While the exact circumstances of the incident remained unclear, was the first time in the campaign there were serious injuries and came days after Chavez said the opposition wanted to stoke violence to destabilize the country.

The OPEC nation's civil defense chief, Antonio Rivero, told Globovision television station from the scene of the violence, that at least two people were shot and wounded.

The station showed images of hooded men throwing objects into university classes and other people, apparently students, running away.

Witnesses told Globovision, which is openly critical of Chavez and sympathetic to the opposition, that the assailants fired guns and threw tear gas canisters.

Please see our coverage of the Protests in Venenezuela

A Reuters witness at the scene said bystanders could not tell how the violence erupted.

After the initial violence, apparent Chavez supporters drove through the area on motorbikes and shot into the air, the witness added.

Chavez, first elected in 1999, would have to leave office in 2013 unless the rules are changed. He has proposed an overhaul of the constitution that also strips the central bank of its autonomy and empowers authorities in so-called emergencies to detain citizens without charge.

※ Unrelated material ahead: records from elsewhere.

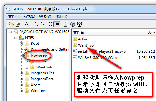 1、如需要加入驱动助理,可打开GHO文件,找到Nowprep文件夹,将驱动助理拖入即可实现自动调用
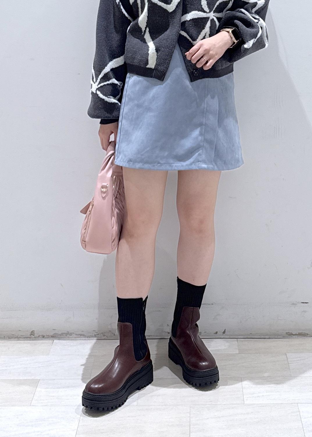 たまにはミニスカートではありますが、少し長めのブーツと合わせることで脚も細見えして気になりません!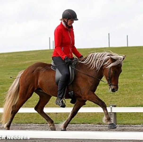 Description: Fjóla is currently seeking her "forever home." She is a wonderful, well-trained, and completely reliable five-gaited mare. Her proverbial "sewing machine trot" ensures an exceptionally comfortable riding experience. She was previously a successful competition horse in the five-gaited discipline and is now one of our most dependable school horses, as well as one of our absolute favorites. We are now looking for a new home where she can have a dedicated person or a loving family who will pamper her and provide her with a long-term, permanent place to live. Conformation: Fjola has a sturdy build and a solid physique. She is in good condition, well-fed, and well-cared for. Temperament: It is important to note that Fjola has a handicap: she has impaired vision in her left eye. However, this hardly affects her in daily riding. She can be ridden normally in the indoor arena, on the riding pad, and in the field. Only jumping and work over poles are not possible due to her limited vision. Gaits: As a large and strong five-gaited mare, Fjola has well-separated, expressive gaits. Her endless, very pleasant Tölt is particularly noteworthy—it can be ridden at a lively pace and provides a lot of riding fun. Training Level: Fjola is very well-trained and responds reliably to aids. Her previous competition experience in the five-gaited discipline and her many years as a dependable school horse make her very experienced and reassuring for riders. She can be ridden in all dressage gaits and works attentively with her rider. Who is she suitable for: Fjola is ideal for riders seeking a completely reliable horse with which they can relax and enjoy a brisk Tölt through the terrain. At the same time, she is suitable for riders who want to develop further in riding lessons, as she can be dressaged in all gaits. Due to her calm and dependable nature, Fjola is a horse for the whole family. Care Condition: She is in good condition, well-fed, and free of eczema. Other notes: It is important to know that Fjola has a handicap: she has impaired vision in her left eye. However, this hardly affects her in daily riding. She can be ridden normally in the indoor arena, on the riding pad, and in the field. Only jumping and pole work are not possible due to her limited vision. Besides Fjola, we also have many other horses for sale. Feel free to contact us to arrange a viewing – together, we will find the right horse for you!

The opposition, church, students and rights groups have condemned the move as authoritarian.

Interior Minister Pedro Carreno, in an evening television broadcast, accused students returning from the march of attacking peacefully gathered pro-government students.

"They cannot continue to feed hatred in the live of Venezuelans," Carreno said.

He said that more than 100 people had to be evacuated from the area because they "were about to be lynched by students returning from the march."